Exercise directions: Return the lines below exactly, from the first line to the line that contains "3、进入游戏后,我们需要建造民宅,点击建筑;". Leave out pictures.

[Saved entries]
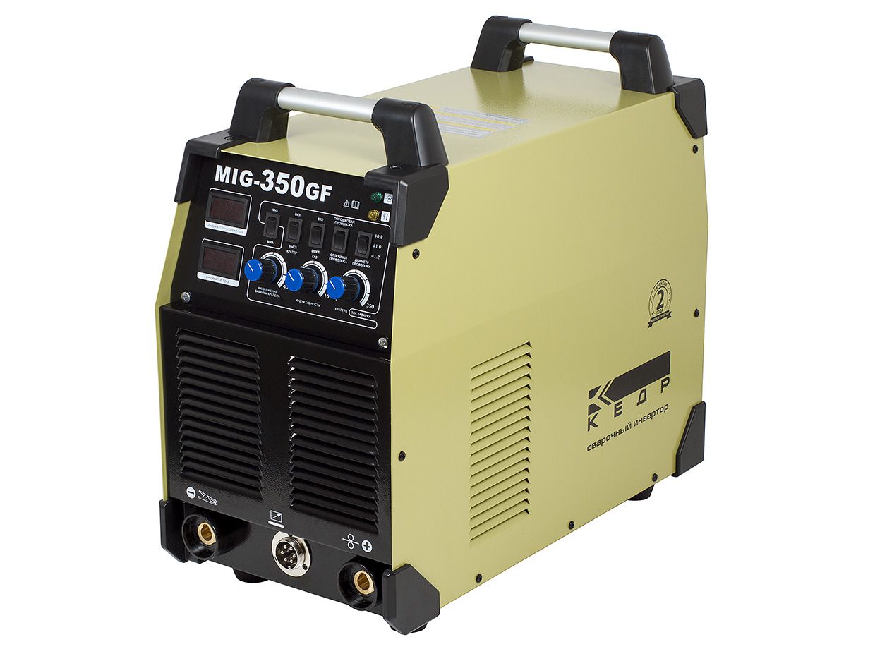 Сварочный источник КЕДР MIG-350GF максимально производительный аппарат. Служит для полуавтоматической сварки в условиях защитного газа MIG/MAG и для полноценной качественной ручной дуговой сварки штучным электродом MMA.
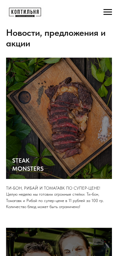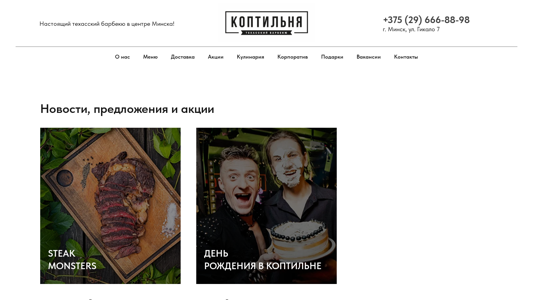 Сайт SmokeBBQ.by представляет собой ресторан под названием "Коптильня" в Минске, Беларусь, предлагающий концепцию полного барбекю с собственным камином. Сайт предоставляет информацию о меню, доставке, акциях, корпоративных мероприятиях, подарках, вакансиях и контактах. Ресторан специализируется на тексасском стиле барбекю и предлагает стейки, ребра и курицу, с различными методами приготовления, включая копчение, гриль и запекание. Сайт также предлагает дневные и выходные акции, включая скидки на большие стейки. Акция по случаю дня рождения также доступна, при которой предоставляется 15% скидка на меню для человека, отмечаемого днем рождения, а также за неделю до и после этого дня. Ресторан расположен по адресу улица Гикало, 7 в Минске, с указанием телефонного номера для бронирования. Сайт включает информацию о новостях и предложениях.
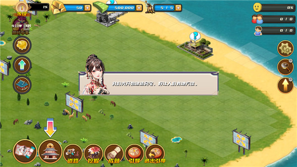 3、进入游戏后,我们需要建造民宅,点击建筑;
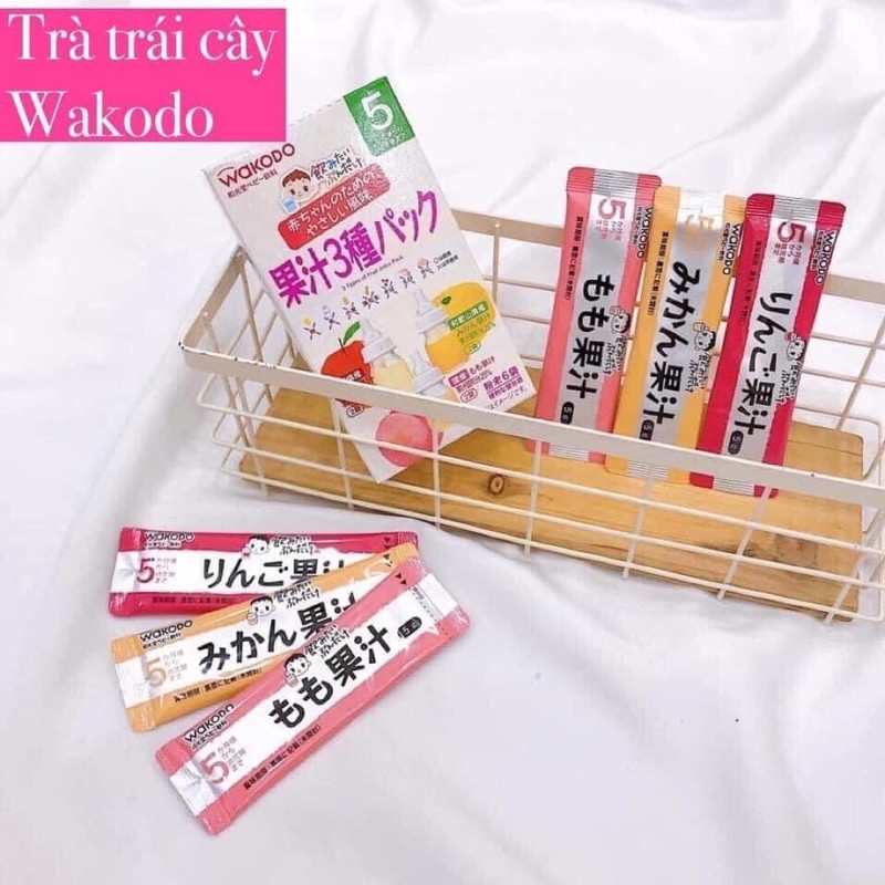 🍑 Trà trái cây Wakodo mix 3 vị táo + cam + đào (dành cho bé 5 tháng trở lên): đây là loại trà trái cây rất được các bé yêu thích vì vị ngọt dịu thơm ngon, giúp bổ sung thêm chất xơ và vitamin cho cơ thể bé
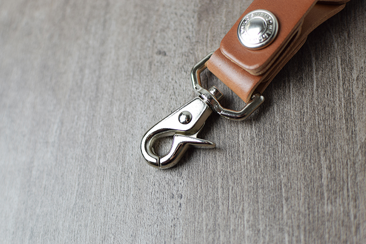 ホックの先にはナスカンと呼ばれる金属パーツがあります。最先端部にはレバーがあり、こちらを開閉することで、ベルトループや鞄のDカンなどに接続させます。こちらのナスカンはレバー部分との接続部分が動作に合わせてクルクルと回転する仕組みになっているため、金属やシェルコードバンの帯部分に負担が掛かりにくくなっています。
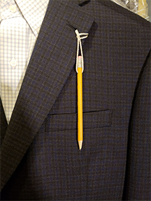 Now, the trick: without untying the string, or sharpening/shortening the pencil – can you loop the pencil/string assembly through a button hole? Like this:
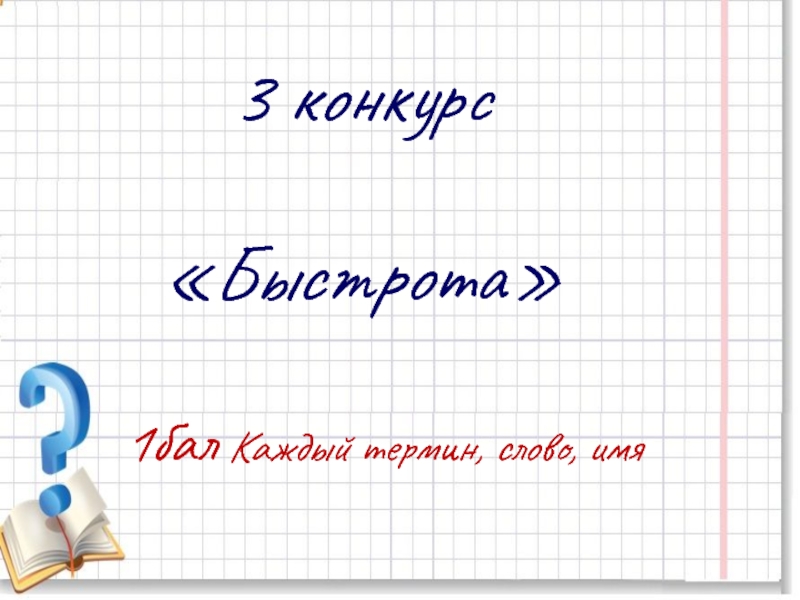 3 конкурс  «Быстрота»    1бал Каждый термин, слово, имя
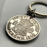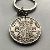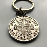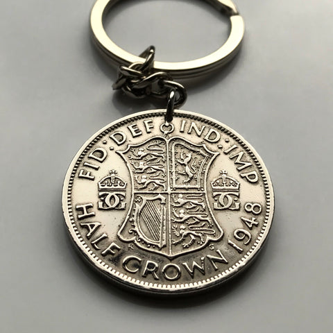 UK United Kingdom Great Britain 1/2 Crown coin keychain keyring pendant necklace British Royal arms English lions England Irish harp Northern Ireland Scottish lion Scotland Welsh dragon Wales London Belfast Edinburgh Cardiff Tudor k000005

Output of the task:
 Сварочный источник КЕДР MIG-350GF максимально производительный аппарат. Служит для полуавтоматической сварки в условиях защитного газа MIG/MAG и для полноценной качественной ручной дуговой сварки штучным электродом MMA.
 Сайт SmokeBBQ.by представляет собой ресторан под названием "Коптильня" в Минске, Беларусь, предлагающий концепцию полного барбекю с собственным камином. Сайт предоставляет информацию о меню, доставке, акциях, корпоративных мероприятиях, подарках, вакансиях и контактах. Ресторан специализируется на тексасском стиле барбекю и предлагает стейки, ребра и курицу, с различными методами приготовления, включая копчение, гриль и запекание. Сайт также предлагает дневные и выходные акции, включая скидки на большие стейки. Акция по случаю дня рождения также доступна, при которой предоставляется 15% скидка на меню для человека, отмечаемого днем рождения, а также за неделю до и после этого дня. Ресторан расположен по адресу улица Гикало, 7 в Минске, с указанием телефонного номера для бронирования. Сайт включает информацию о новостях и предложениях.
 3、进入游戏后,我们需要建造民宅,点击建筑;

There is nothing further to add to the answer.